This tutorial is based on my own uses of RDF and RDF/XML. Though I’ll cover all the important components of the model, I’m focusing on what I call street RDF–RDF that can be used out of the box to meet a need rather than being targeted to some universal megadata store in the future. In addition, rather than just introduce each aspect as it comes along, and building from the simple to the complex, I’m going to take the arguments against RDF that I’ve heard in the last four years, and address them one at a time, using the components of RDF as I go.

In other words, rather than approach the elephant that is RDF, I am, instead, approaching each of the blind men’s view of RDF, and see if we can’t take what they’re seeing and fit it into the whole.

RDF is Too Complex

If you ask most of the people who don’t like RDF why they feel this way, most will answer that RDF is too complex. They will point to the fact that the specification’s description is spread across six released documents at the W3C, most of which contain an esoteric blend of formal proofs and language obscure enough to give even decided RDFophiles pause. They have a valid point, too: The RDF specifications are not meant to be consumed by the average web user.

However, one can say the same of the HTML or XHTML documents, or those for CSS or any other specification. The documents at the W3C are meant more for those implementing the technology, then the average user. More, they’re meant as a way of ensuring that implementations are consistent, which if one leaves aside anything else about a specification, consistency has to be the critical requirement.

Yet if we strip away the proofs and the checks, the core of RDF is, at heart, very simple. The basic component of RDF is a statement of the form subject predicate object; loosely translated into comparable terms from a sentence in English, the subject is the noun, the predicate the verb, and the object, the thing being acted on by the verb.

The cat ate the mouse.

The photograph’s has a height.

The height is 500 pixels

In the specification, the predicate is considered the property, but there is an implicit very of ‘has’ associated with that property. So, for instance, if this document was written by me, the statement could be:

This document has writer of Shelley

Even though the predicate is technically ‘writer’, there is an implicit verb: has.

RDF refers to these simple statements as triples, each consisting of a required subject, predicate, and object. These triples then form the basis for the for both the language and the specification. If you access the information I have stored about one of my posts, you’ll see that no matter how complex the model, it can be converted to a set of triples.

Of course, now that you have these triples, you have to pull them all together and that’s where the RDF graph comes in. Technically, an RDF model is a node and directed arc graph, where the predicates are on the arcs, and the subject and objects are in the nodes. To see what a graph looks like, access the RDF Validator hosted by the W3C, and type in the URL for one of my RDF files, such ashttp://weblog.burningbird.net/2005/10/27/perceived-barriers/. Change the output options to Graph only and then have the Validator parse the data. Or you can see the generated graph here.

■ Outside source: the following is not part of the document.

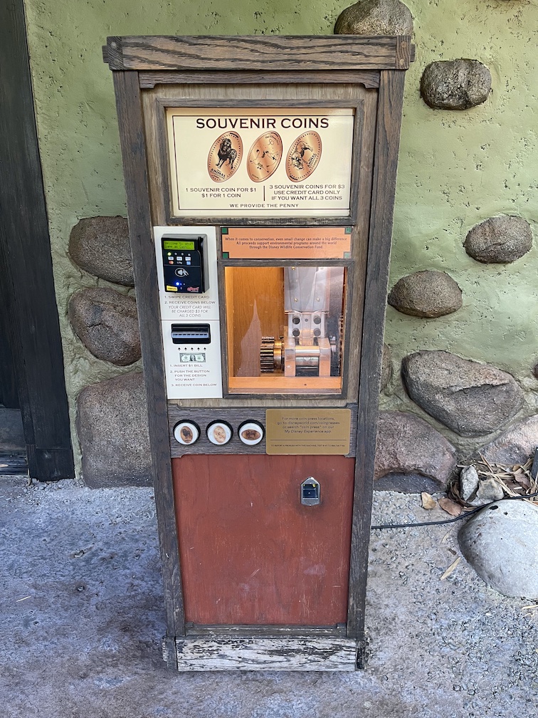 This machine is located in the Ziwani Traders store which is back near the Kilimanjaro Safari attraction entrance. The medallions available here include Simba, Bambi, Timon and Pumbaa.
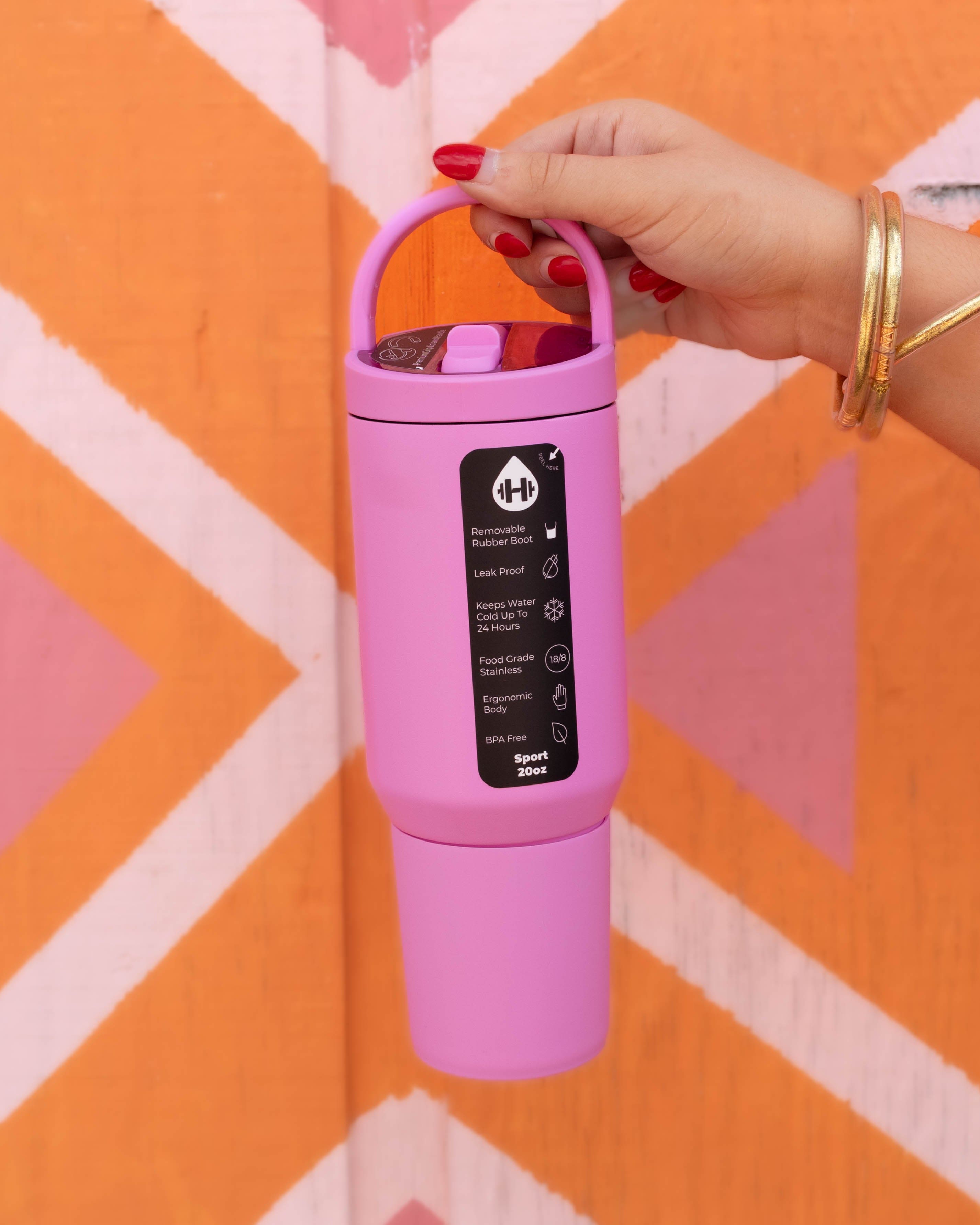 Our most loved Sport Bottle in a 20 oz size. Like the larger Sport Bottle sizes, the 20 oz Sport Bottle was crafted with the active lifestyle in mind. It’s completely leakproof with the straw down and can easily fit in backpacks and cup holders. The ergonomic bucket handle makes it transportable and the perfect bottle for workouts, hikes, or everyday adventures.

Note that the predicates are given namespace identification, such as http://purl.org/dc/elements/1.1/ for the Dublin Core source predicate. The reason for this is so that I can have a ‘source’ in my schema that is safely differentiated from ‘source’ in your schema, in such a way that both can be used in the same model. A predicate is always identified with a specific namespace: either one completely spelled out, as in the model; or one given an abbreviation of the namespace (which is then defined in the namespace section of the model), such as dc:source; or if none is given, it’s assumed to be part of the default schema for the model. These namespaces can be added to the model anywhere, but are usually defined in the opening RDF element:

<rdf:RDF
xml:base=”http://weblog.burningbird.net#”
xmlns:xml=”http://www.w3.org/XML/1998/namespace”
xmlns:rdf=”http://www.w3.org/1999/02/22-rdf-syntax-ns#”
xmlns:rdfs=”http://www.w3.org/2000/01/rdf-schema#”
xmlns:xsd=”http://www.w3.org/2001/XMLSchema#”
xmlns:owl=”http://www.w3.org/2002/07/owl#”
xmlns:dc=”http://purl.org/dc/elements/1.1/”
xmlns:foaf=”http://xmlns.com/foaf/0.1/”
xmlns:image=”http://jibbering.com/vocabs/image/#”>

Returning to the snapshot of the model, note that some of the nodes are ovals, others are square. The difference is that those nodes that are resources are drawn as oval; those that are literal values are drawn with a rectangle around them. Resources in RDF are objects that are identified by a URI (Uniform Resource Identifier) reference, or URIref. A URIref is basically a way of uniquely identifying an object within a model. For instance, the URIref for this document would be the URL, since a URL is also a specific type of URI. Your weblog could be identified by the URL used to access it. I, as an individual, can be identified by a URL to an about-me page, or a mailto reference to my email address–which leads us to another aspect of RDF that gives people pause: using URIs to identify objects that don’t exist on the web.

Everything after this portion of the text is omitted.